ABSTRACT
Objective:
Inflammatory bowel diseases (IBD), including Crohn’s disease (CD) and ulcerative colitis (UC), are chronic inflammatory conditions affecting the gastrointestinal tract. The aim of this study was to investigate the distribution of cytomegalovirus (CMV) and Epstein-Barr virus (EBV) in the intestinal tissue of patients with IBD.
Methods:
The study included tissue samples taken from 50 IBD (32 male, 18 female, between the ages of 18-76) patients. Thirty of the patients had CD and 20 had UC. The control group consisted of 31 patients who underwent routine colonoscopy and whose biopsies were extracted from suspicious sites, but no evidence of IBD was found. In these samples, the presence of CMV and EBV viruses was investigated by real-time polymerase chain reaction in our medical virology laboratory.
Results:
In mucosal tissues, EBV positivity was 50% in UC and 40% in CD; CMV positivity was 35% in UC and 17% in CD. EBV positivity in the control group was 16%, and CMV was not detected. The presence of EBV and CMV in CD (p=0.049; p=0.024) and in UC (p=0.013; p=0.001) patients was statistically significantly higher than that in the control group. We analyzed the differences between the groups in terms of age, clinical features, biopsy locations, surgery type, medical treatment, and biochemical marker results. There was no significant difference in patients with CD compared with the control group. However, there was a statistically significant decrease in albumin and hemoglobin levels in patients with UC compared with the control group.
Conclusion:
We believe that these viruses may play a role in the pathogenesis of IBD and exacerbation of the disease, and this study shows that patients with IBD undergoing surgery have a high prevalence of EBV and CMV.
INTRODUCTION
Inflammatory bowel diseases (IBD), including Crohn’s disease (CD) and ulcerative colitis (UC), are chronic inflammatory conditions affecting the gastrointestinal tract that progress with relapses and remissions. UC causes inflammation in the superficial mucosa of the colon, whereas CD is characterized by transmural inflammation affecting any part of the gastrointestinal tract. Indeterminate colitis, a third subtype of IBD with features common to UC and CD, causes mucosal inflammation (1). The pathogenesis of IBD remains unclear. Leading theories about the pathogenesis of the diseaseare that they cause uncontrolled chronic inflammation by promoting an immunopathological process in the intestinal mucosa because of the interactions of genetic and environmental factors (diet, immunological, infectious, vascular and psychological) (2-4).

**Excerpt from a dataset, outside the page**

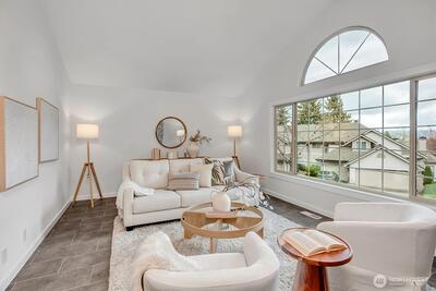 Welcome home to Walnut Hills, a desirable townhome community on 6+ acres, surrounded by nature in a PRIME Redmond location. Set among professionally maintained grounds, this fully remodeled 2 bed, den + 2.5 bath home offers a bright, open layout with vaulted ceilings and abundant windows showcasing majestic Cascade mountain and territorial views. Thoughtful updates throughout include a redesigned Chef's kitchen and baths with quartz countertops, custom tile, new lighting, fixtures, SS appliances, and fresh interior paint. The kitchen flows seamlessly into the great room and out to a private fenced patio, perfect for gardening, dining...pets and everyday living. The spacious and SERENE primary en'suite is simply beautifully sized and features French doors and a well-appointed 5-piece bath with double sinks, soaking-jetted tub, custom tile, walk-in shower + walk-in closet. The two-car garage has ample storage plus lots of guest parking and a TALL crawl space for storing those boxes and s

Infections with Epstein-Barr virus (EBV) and cytomegalovirus (CMV) are typically acquired in early childhood (5). Globally, approximately 83% of adults are CMV-positive and over 90% are EBV-positive (2,6). CMV and EBV viruses belong to the Herpesviridae and remain latent in the body. In the case of immunosuppression, they can reactivate and proliferate (6). Immunosuppressive therapies have beneficial effects for treating IBD, but they also increase the risk of developing severe opportunistic infections, such as those caused by EBV and CMV (2,7). Some studies found that CMV and EBV positivity in IBD patient tissue samples was substantially higher than that in healthy control groups (8-10).
CMV reaction often occurs in the colon mucosa of patients with IBD, causing toxic megacolon, requiring colectomy, and can contribute to high morbidity and mortality (8). For CMV, early antiviral treatment may enhance IBD prognosis and reduce the colectomy rate (11). EBV reactivation is also often described in the inflammatory gastrointestinal mucosa of patients with IBD (4,8). When EBV is reactive, it can aggravate the clinical course by causing lymphoproliferative diseases such as EBV-positive mucocutaneous ulcer, lymphomatoid granulomatosis, hemophagocytic lymphocytomatosis, and diffuse large B-cell lymphoma (4). Patients with IBD should be screened for viral agents before initiating immunosuppressive therapy and monitored during treatment. Thus, the repair process can be accelerated by directing the treatment (2,4).
Although surgery in CD is mainly based on complication management (fistula, obstruction, etc.), ileocecal resection is recommended in patients with disease limited to the ileocecal region (12). For treating UC, surgery is more prominent. Although emergency surgery may be required because of conditions such as hemorrhage, toxic megacolon, and perforation, total proctocolectomy and ileal pouch anal anastomosis are recommended in patients with chronic active symptoms despite optimal medical treatment (13). Complications such as fistula and pouchitis are frequently encountered after these surgeries (14).
In our study, we aimed to investigate the presence of CMV and EBV in intestinal tissue samples obtained surgically from patients with IBD using molecular virological methods and the effects of these results on perioperative outcomes.
MATERIALS AND METHODS
The study was approved by the Gazi University Clinical Research Ethics Committee (approval number: 651, date: 31.07.2023). Our study included tissue samples taken from 50 patients with IBD and 31 controls that were sent to the Gazi University Faculty of Medicine Pathology Laboratory between 2014 and 2023. A total of 50 patients, 32 males and 18 females, between the ages of 18 and 76 years, were included in the study. Thirty of the patients were CD and 20 were UC. All specimens were obtained from patients with IBD undergoing surgery. In our study, the control group consisted of 31 patients who underwent routine colonoscopy and whose biopsies were extracted from suspicious sites, but no evidence of IBD was found.
In these samples, the presence of CMV and EBV viruses was investigated by real-time polymerase chain reaction (PCR) at Gazi University, School of Medicine, Medical Virology Laboratory.
Deparaffinization
Deparaffinization is the elimination of tissue-penetrating paraffin; for this purpose, we used xylene, which removes paraffin from the tissue. The paraffinized tissue was initially subjected to xylene. The tissue was then exposed to 100%, 80%, 60%, and 40% alcohol to remove xylen. Finally, the tissue was hydrated with distilled water.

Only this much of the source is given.